Dataset excerpts:
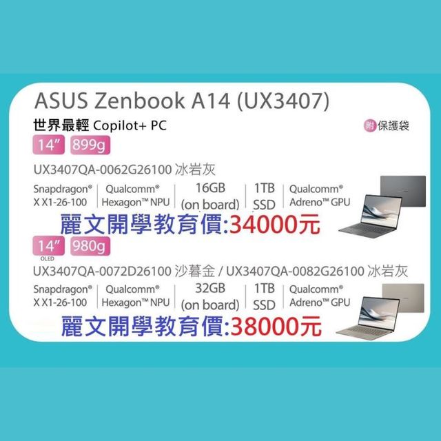![電池測試 ASUS 於2024年1月以1080p 影片播放使用情境執行測試測試組態ASUS Zenbook A14 (U3407FHD OLED Snapdragon® X處理器1TB SSD32 GB RAM 電池。測試設定WiFi停用鍵盤背光停用Windows 電源模式設定為平衡螢幕亮度設定為150cd/m2搭配預設音量耳機。實際電池續航力依據產品組態使用情形操作條件及電源管理設定而有不同。電池續航力會隨著電池的使用壽命而減少。電池測試 ASUS 於2024年11月在連線至Wi-Fi之情況下的網頁瀏覽使用情境執行測試測試內容包括 YouTube影片播放網頁瀏覽以及透過Outlook 存取電子郵件等活動。測試組態:ASUS Zenbook A14 (UX3407)、FHDOLED 螢幕、 Snapdragon X 處理器、1 TB SSD、16 GB RAM、70Wh 電池。測試設定:WiFi啟用且連線、鍵盤背光停用、Windows 電源模式設定為平衡、螢幕亮度設定為150 cd/m2、搭配預設音量耳機。實際電池續航力依據產品組態、使用情形、操作條件及電源管理設定而有不同。電池續航力會隨著電池的使用壽命而減少。電池測試 ASUS 於2024年11月在連線至Wi-Fi之情況下的線上影片 (YouTube 影片播放情境執行測試。測試組態:ASUS Zenbook A14 (UX3407)、FHD OLED 螢幕、 Snapdragon® X處理器、1TB SSD、32GB RAM、70Wh電池。測試設定:WiFi 啟用且連線、鍵盤背光停用、Windows 電源模式設定為平衡、螢幕亮度設定為150cd/m2、搭配 15% 音量耳機。實際電池續航力依據產品組態、使用情形、操作條件及電源管理設定而有不同。電池續航力會隨著電池的使用壽命而減少。1 重量可依據規格而有不同。2. 此聲明乃依據摩擦、及抗污測試之結果。如需測試情境的詳細資訊請參閱下方第4、5、6點說明。3. 在摩擦測試中材質同一處遭來回摩擦超過18000次然而表面毫髮無傷。4. 在墜落測試中筆記型電腦於50公分高度從6個不同角度直接墜落至硬質表面。5. 在抗污測試中塗抹各種顏色的於 Ceraluminum™ 板材上並放置數小時事後可輕鬆去除且不留任何污漬。6. 測試規則同時包括軍規等級標準與 ASUS 品質測試標準的規定並因裝置而異。MIL-STD-810H 測試僅針對特定 ASUS產品進行。請注意:MIL-STD-810H 測試有助於確保 ASUS 產品的品質但並不表示特別適合軍事用途。該測試是在實驗室條件下進行。任何因嘗試重現上述測試條件而造成的損壞視為意外,不在ASUS 的標準保固範圍內。ASUS Premium Care 提供額外保固。7. 此數據乃依據理論效能。實際效能依據實際環境條件而有不同。8. 電池續航力最長達32小時。電池測試 ASUS 於2024年8月7日以1080p 影片播放使用情境執行測試。測試組態:Zenbook A14 (UX3407)、FHD OLED 螢幕、 Qualcomm Snapdragon®X處理器、1 TB SSD 32 GB RAM。測試設定:開啟WiFi但連線(未連線至任何存取點)、Windows 電源方案設定為平衡、螢幕亮度設定為150cd/m2。實際電池續航力依據產品組態、使用情形、操作條件及電源管理設定而有不同。電池續航力會隨著電池的使用壽命而減少。9. WiFi 6E 可用性可能依據國家及其特定法規而異。此功能僅在Windows 11 以上版本提供支援。10. 多重連接模式可讓筆電自動切換到最強的 Wi-Fi 訊號,前提是路由器也必須相容於 Wi-Fi7。11. 此資料來自 ASUS 實驗室測試,測試標準為模擬日常充電頻率。實際電池續航力依據產品組態、使用模式、操作條件及電源管理設定而有不同。電池續航力將隨時間自然減少。更全面的詳細資訊請參見以下連結:https://www.asus.com/support/faq/105111412. 回顧(預覽版)功能即將在稍後透過 Windows 更新推出,時間將因裝置和地區而異。針對特定語言進行優化(英文、中文(繁體)、法文、德文、日文和西班牙文)。可能存在內容和儲存空間的限制。詳情請見[aka.ms/copilotpluspcs] 。13. 針對英文文字提示最佳化。使用者必須擁有 Microsoft 賬戶和網路連線才能存取雲端服務,以確保負責任使用。進一步瞭解:https://support.microsoft.com/zh-tw/windows/use-cocreator-in-paint-53857513-e36c-472d-8d4a-adbcd14b2e5414. 目前支援將 40 多種語言的視訊和音訊字幕翻譯成英文。請參閱 [aka.ms/copilotpluspcs].15. MyASUS Splendid Display P3和SRGB 色域的平均測試結果: Delta E1./-0.5,可能會依據規格而有不同。請注意,實際效能在不同的測試程序、設備和模式下也可能會有所不同。16. 與市場上一般 LCD 螢幕比較,測量 415-455nm 波長之間的藍光能量發射。17. 為了進一步為您的 OLED 筆記型電腦提供最大的保護,ASUS 提供 OLED Care 設定,例如預設開啟的像素重新整理和像素位移。請務必注意,保固期間 (可能因國家而異)若確實發生螢幕烙印問題,只要使用者未手動關閉 OLED Care 功能,ASUS 將為受影響的 OLED 筆記型電腦提供免費更換服務。18. 色溫調整功能僅適用於 OLED 型號。](https://img.pchome.com.tw/cs/items/DHAFJLA900I9HFD/i010024_1736924851.jpg)
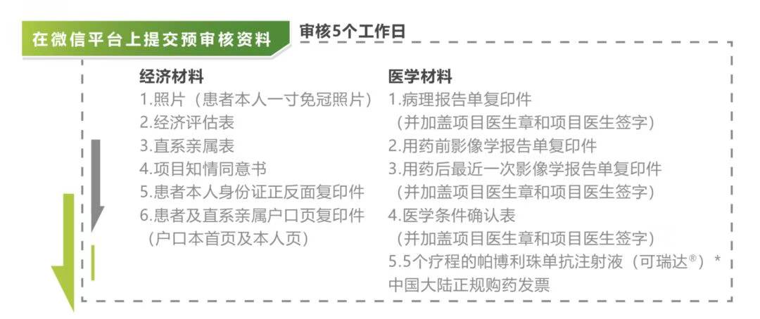 患者自行使用5个疗程的帕博利珠单抗注射液(可瑞达®),经基金会审核通过后,可为其援助5个疗程。后续患者每自行使用3个疗程的帕博利珠单抗注射液(可瑞达®),基金会可继续为其援助3个疗程。患者累计使用帕博利珠单抗注射液(可瑞达®)用量最多不超过24个月。
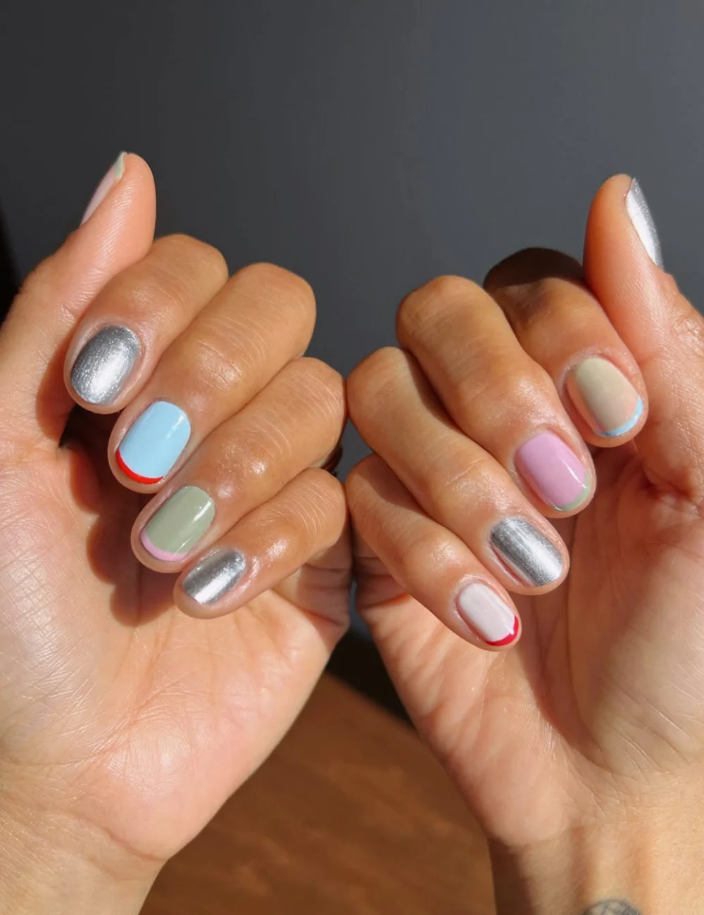 O cromado prateado contrasta com pontas em tons vibrantes, unindo delicadeza e modernidade na medida certa.
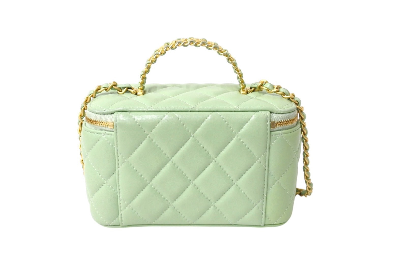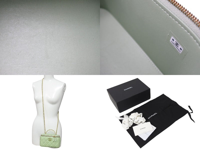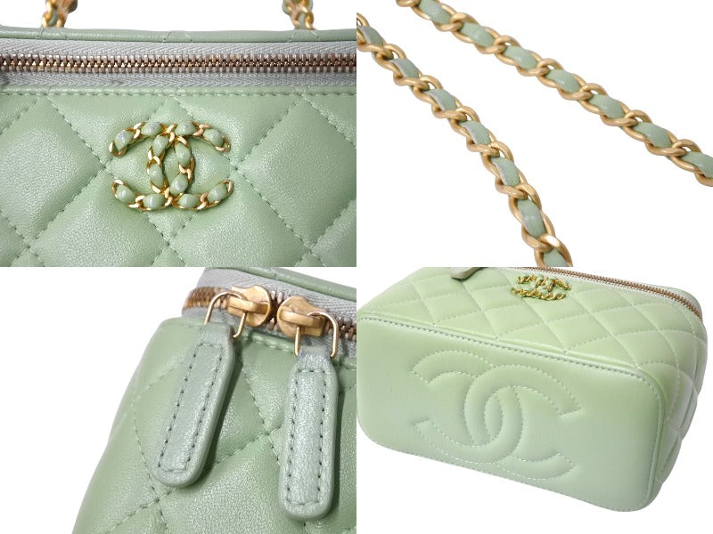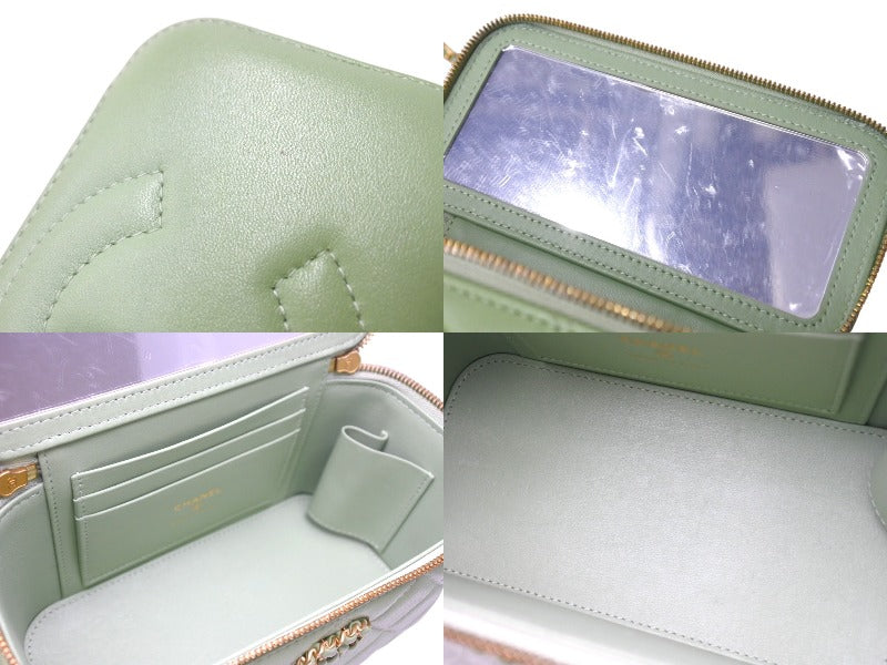 新品同様 CHANEL シャネル チェーンショルダーバッグ 2WAYバニティバッグ ココマーク ランダム番台 グリーン系 ラムスキン 中古 4c069796
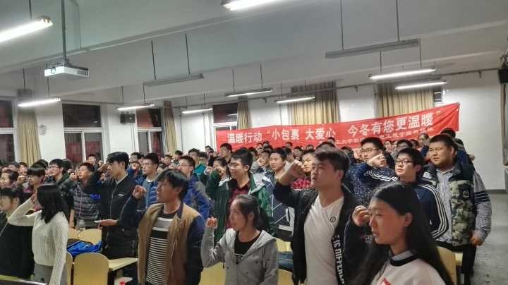 大会首先主持人发言引入主题,观看贫困山区孩子的视频,然后由外国语学院义工部部长曾婷为大家介绍爱心包裹的具体信息,让大一的同学了解爱心包裹这个公益活动,之后通过观看相关卡通人物介绍进一步对爱心包裹解释和宣传,紧接着物理与光电工程学院自强社社长赵瑀介绍爱心包裹的劝募的过程以及需要注意的事项和自己的一些劝募经验,告诉大一的新生敢劝,勇于去劝,在公益活动中提高自己的各种能力。这之后,又通过观看一段各地大学生的劝募视频来了解劝募的方法以及注意事项。最后,由赵瑀社长带领大家一起宣誓,全场声音洪亮,振奋人心。大会到此结束,取得了圆满成功。
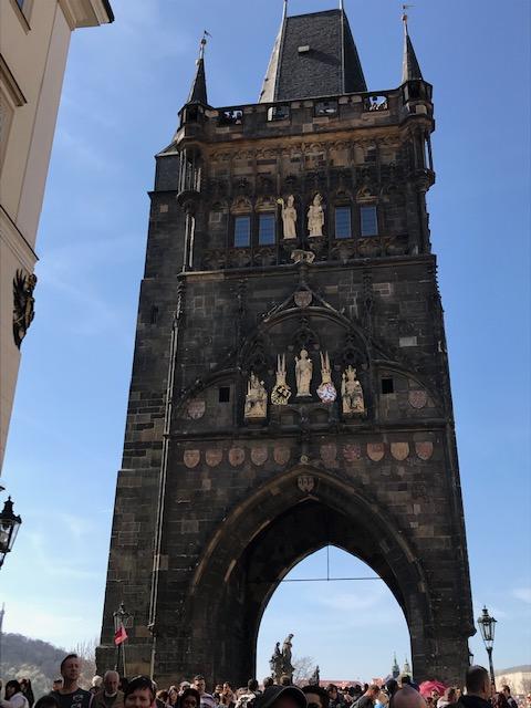 プラハの旧市街の方からプラハ城に向かって行くとこの旧市街橋塔が見えてきました。真っ黒な一種異様な姿とをしています。迫力があります。カレル通りも人混みが多かったですが、この旧市街橋塔の前は観光客でごった返していました。後で知りましたが、登れるようです。
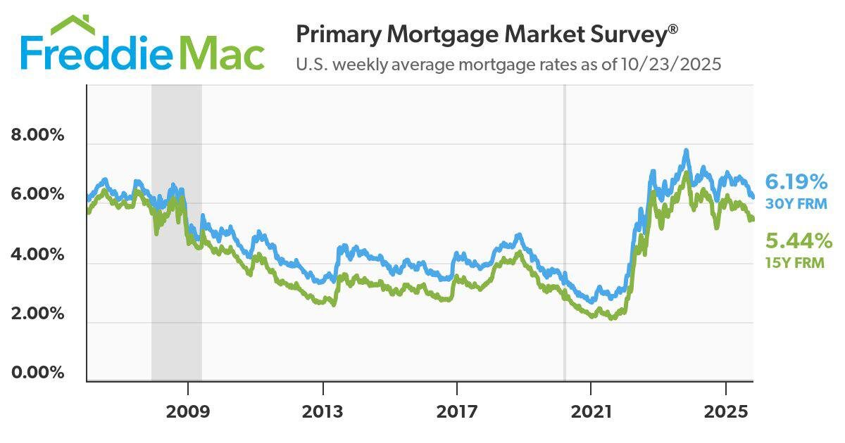 🔸Ипотечные ставки в США упали до 6,19%, что является самым низким уровнем в 2025 году

* **What to work on**: The answer must be an exact copy of the records above, with the pictures left out.

* **Task solution**:
![電池測試 ASUS 於2024年1月以1080p 影片播放使用情境執行測試測試組態ASUS Zenbook A14 (U3407FHD OLED Snapdragon® X處理器1TB SSD32 GB RAM 電池。測試設定WiFi停用鍵盤背光停用Windows 電源模式設定為平衡螢幕亮度設定為150cd/m2搭配預設音量耳機。實際電池續航力依據產品組態使用情形操作條件及電源管理設定而有不同。電池續航力會隨著電池的使用壽命而減少。電池測試 ASUS 於2024年11月在連線至Wi-Fi之情況下的網頁瀏覽使用情境執行測試測試內容包括 YouTube影片播放網頁瀏覽以及透過Outlook 存取電子郵件等活動。測試組態:ASUS Zenbook A14 (UX3407)、FHDOLED 螢幕、 Snapdragon X 處理器、1 TB SSD、16 GB RAM、70Wh 電池。測試設定:WiFi啟用且連線、鍵盤背光停用、Windows 電源模式設定為平衡、螢幕亮度設定為150 cd/m2、搭配預設音量耳機。實際電池續航力依據產品組態、使用情形、操作條件及電源管理設定而有不同。電池續航力會隨著電池的使用壽命而減少。電池測試 ASUS 於2024年11月在連線至Wi-Fi之情況下的線上影片 (YouTube 影片播放情境執行測試。測試組態:ASUS Zenbook A14 (UX3407)、FHD OLED 螢幕、 Snapdragon® X處理器、1TB SSD、32GB RAM、70Wh電池。測試設定:WiFi 啟用且連線、鍵盤背光停用、Windows 電源模式設定為平衡、螢幕亮度設定為150cd/m2、搭配 15% 音量耳機。實際電池續航力依據產品組態、使用情形、操作條件及電源管理設定而有不同。電池續航力會隨著電池的使用壽命而減少。1 重量可依據規格而有不同。2. 此聲明乃依據摩擦、及抗污測試之結果。如需測試情境的詳細資訊請參閱下方第4、5、6點說明。3. 在摩擦測試中材質同一處遭來回摩擦超過18000次然而表面毫髮無傷。4. 在墜落測試中筆記型電腦於50公分高度從6個不同角度直接墜落至硬質表面。5. 在抗污測試中塗抹各種顏色的於 Ceraluminum™ 板材上並放置數小時事後可輕鬆去除且不留任何污漬。6. 測試規則同時包括軍規等級標準與 ASUS 品質測試標準的規定並因裝置而異。MIL-STD-810H 測試僅針對特定 ASUS產品進行。請注意:MIL-STD-810H 測試有助於確保 ASUS 產品的品質但並不表示特別適合軍事用途。該測試是在實驗室條件下進行。任何因嘗試重現上述測試條件而造成的損壞視為意外,不在ASUS 的標準保固範圍內。ASUS Premium Care 提供額外保固。7. 此數據乃依據理論效能。實際效能依據實際環境條件而有不同。8. 電池續航力最長達32小時。電池測試 ASUS 於2024年8月7日以1080p 影片播放使用情境執行測試。測試組態:Zenbook A14 (UX3407)、FHD OLED 螢幕、 Qualcomm Snapdragon®X處理器、1 TB SSD 32 GB RAM。測試設定:開啟WiFi但連線(未連線至任何存取點)、Windows 電源方案設定為平衡、螢幕亮度設定為150cd/m2。實際電池續航力依據產品組態、使用情形、操作條件及電源管理設定而有不同。電池續航力會隨著電池的使用壽命而減少。9. WiFi 6E 可用性可能依據國家及其特定法規而異。此功能僅在Windows 11 以上版本提供支援。10. 多重連接模式可讓筆電自動切換到最強的 Wi-Fi 訊號,前提是路由器也必須相容於 Wi-Fi7。11. 此資料來自 ASUS 實驗室測試,測試標準為模擬日常充電頻率。實際電池續航力依據產品組態、使用模式、操作條件及電源管理設定而有不同。電池續航力將隨時間自然減少。更全面的詳細資訊請參見以下連結:https://www.asus.com/support/faq/105111412. 回顧(預覽版)功能即將在稍後透過 Windows 更新推出,時間將因裝置和地區而異。針對特定語言進行優化(英文、中文(繁體)、法文、德文、日文和西班牙文)。可能存在內容和儲存空間的限制。詳情請見[aka.ms/copilotpluspcs] 。13. 針對英文文字提示最佳化。使用者必須擁有 Microsoft 賬戶和網路連線才能存取雲端服務,以確保負責任使用。進一步瞭解:https://support.microsoft.com/zh-tw/windows/use-cocreator-in-paint-53857513-e36c-472d-8d4a-adbcd14b2e5414. 目前支援將 40 多種語言的視訊和音訊字幕翻譯成英文。請參閱 [aka.ms/copilotpluspcs].15. MyASUS Splendid Display P3和SRGB 色域的平均測試結果: Delta E1./-0.5,可能會依據規格而有不同。請注意,實際效能在不同的測試程序、設備和模式下也可能會有所不同。16. 與市場上一般 LCD 螢幕比較,測量 415-455nm 波長之間的藍光能量發射。17. 為了進一步為您的 OLED 筆記型電腦提供最大的保護,ASUS 提供 OLED Care 設定,例如預設開啟的像素重新整理和像素位移。請務必注意,保固期間 (可能因國家而異)若確實發生螢幕烙印問題,只要使用者未手動關閉 OLED Care 功能,ASUS 將為受影響的 OLED 筆記型電腦提供免費更換服務。18. 色溫調整功能僅適用於 OLED 型號。](https://img.pchome.com.tw/cs/items/DHAFJLA900I9HFD/i010024_1736924851.jpg)
 患者自行使用5个疗程的帕博利珠单抗注射液(可瑞达®),经基金会审核通过后,可为其援助5个疗程。后续患者每自行使用3个疗程的帕博利珠单抗注射液(可瑞达®),基金会可继续为其援助3个疗程。患者累计使用帕博利珠单抗注射液(可瑞达®)用量最多不超过24个月。
 O cromado prateado contrasta com pontas em tons vibrantes, unindo delicadeza e modernidade na medida certa.
 新品同様 CHANEL シャネル チェーンショルダーバッグ 2WAYバニティバッグ ココマーク ランダム番台 グリーン系 ラムスキン 中古 4c069796
 大会首先主持人发言引入主题,观看贫困山区孩子的视频,然后由外国语学院义工部部长曾婷为大家介绍爱心包裹的具体信息,让大一的同学了解爱心包裹这个公益活动,之后通过观看相关卡通人物介绍进一步对爱心包裹解释和宣传,紧接着物理与光电工程学院自强社社长赵瑀介绍爱心包裹的劝募的过程以及需要注意的事项和自己的一些劝募经验,告诉大一的新生敢劝,勇于去劝,在公益活动中提高自己的各种能力。这之后,又通过观看一段各地大学生的劝募视频来了解劝募的方法以及注意事项。最后,由赵瑀社长带领大家一起宣誓,全场声音洪亮,振奋人心。大会到此结束,取得了圆满成功。
 プラハの旧市街の方からプラハ城に向かって行くとこの旧市街橋塔が見えてきました。真っ黒な一種異様な姿とをしています。迫力があります。カレル通りも人混みが多かったですが、この旧市街橋塔の前は観光客でごった返していました。後で知りましたが、登れるようです。
 🔸Ипотечные ставки в США упали до 6,19%, что является самым низким уровнем в 2025 году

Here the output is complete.